Task goal:
Pictures are not part of the answer. Write out exactly the lines from the one containing "会议开始,主持人介绍大会各项" through the end of the material below.

======== Information shown ========

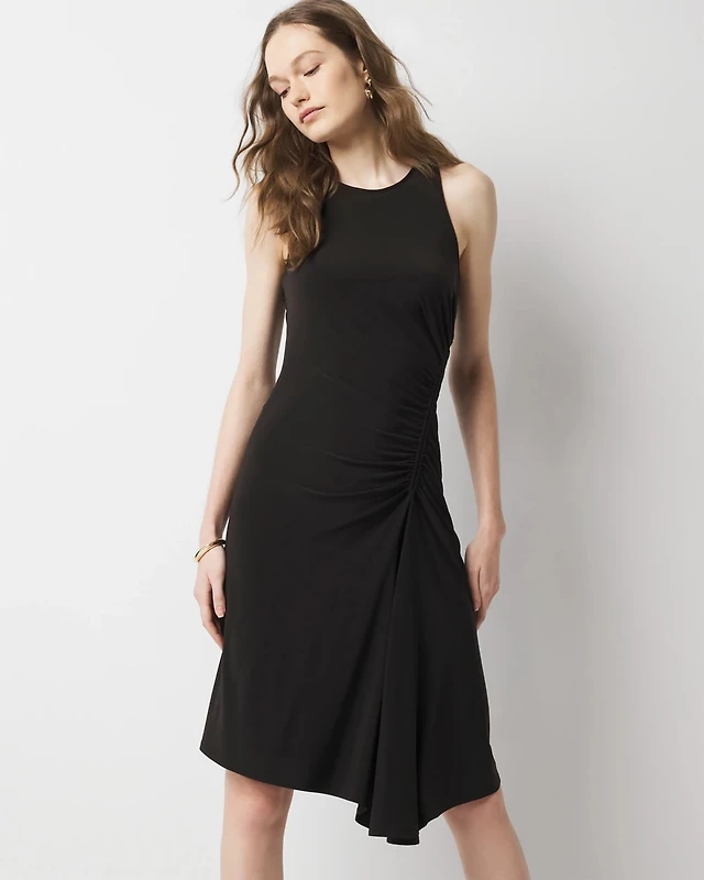 Petite Off The Shoulder Ruched Mesh Sheath Dress
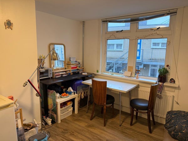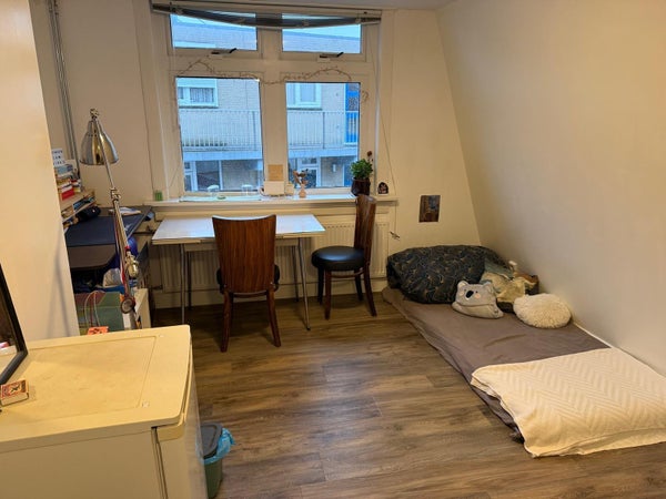 De kamer is +/- 16 m2 groot en je deelt de keuken, toilet en badkamer met 4 mede studenten.
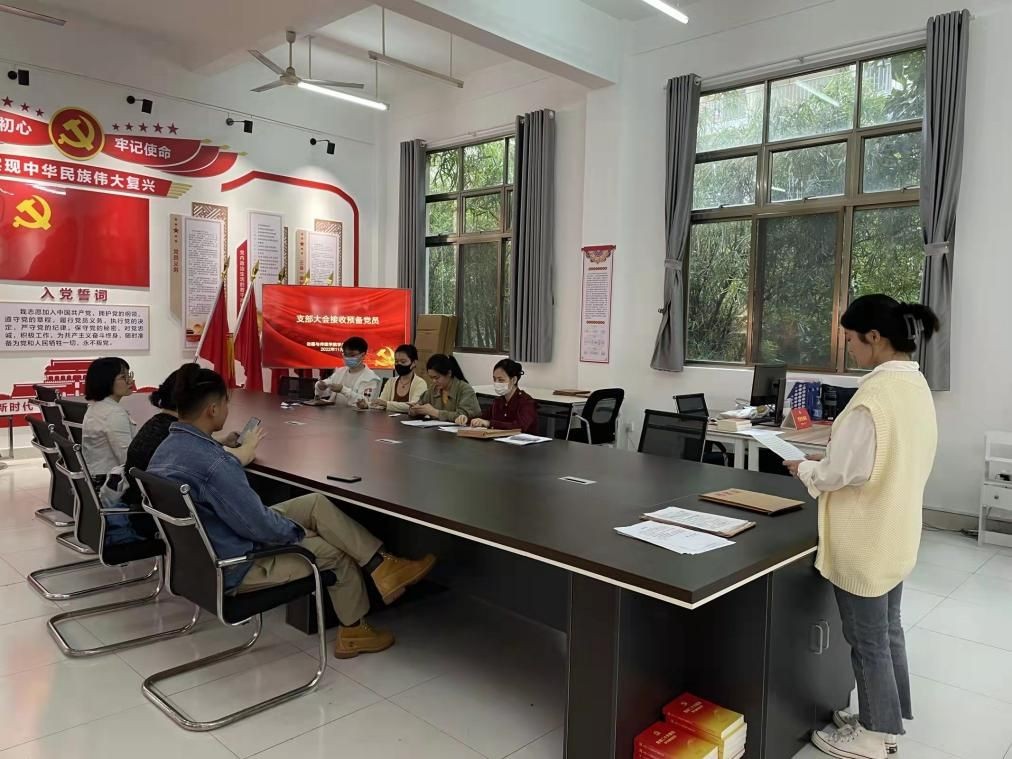 会议开始,主持人介绍大会各项事宜以及大会流程。首先由党支部书记宣读本次会议发展对象被接收预备党员的人员名单,发展对象相继宣读入党志愿书,汇报考察期中自己在思想,生活,工作等各方面的情况。随后由党员对发展对象提出意见,评议其是否具备接收为预备党员的条件。
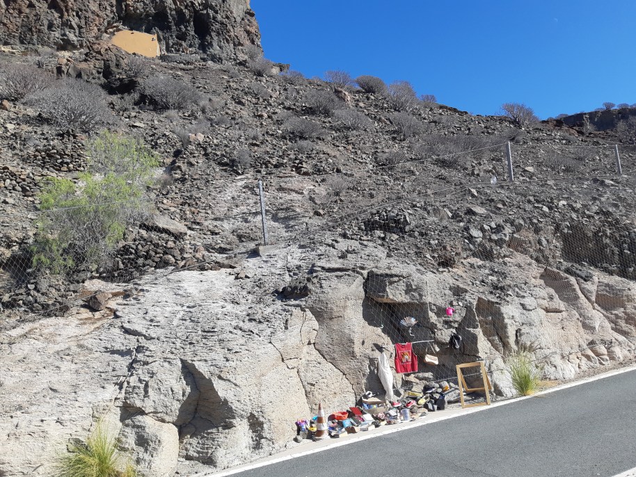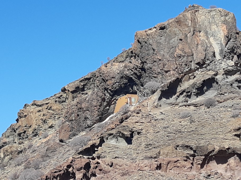Nu är vi tillbaka här i värmen på Kanarieöarna. Vi tog en tur upp längs berget idag. Det finns en gammal grotta uppe i bergssidan, som någon har gjort till sin bostad.

========

Written response:
 会议开始,主持人介绍大会各项事宜以及大会流程。首先由党支部书记宣读本次会议发展对象被接收预备党员的人员名单,发展对象相继宣读入党志愿书,汇报考察期中自己在思想,生活,工作等各方面的情况。随后由党员对发展对象提出意见,评议其是否具备接收为预备党员的条件。
Nu är vi tillbaka här i värmen på Kanarieöarna. Vi tog en tur upp längs berget idag. Det finns en gammal grotta uppe i bergssidan, som någon har gjort till sin bostad.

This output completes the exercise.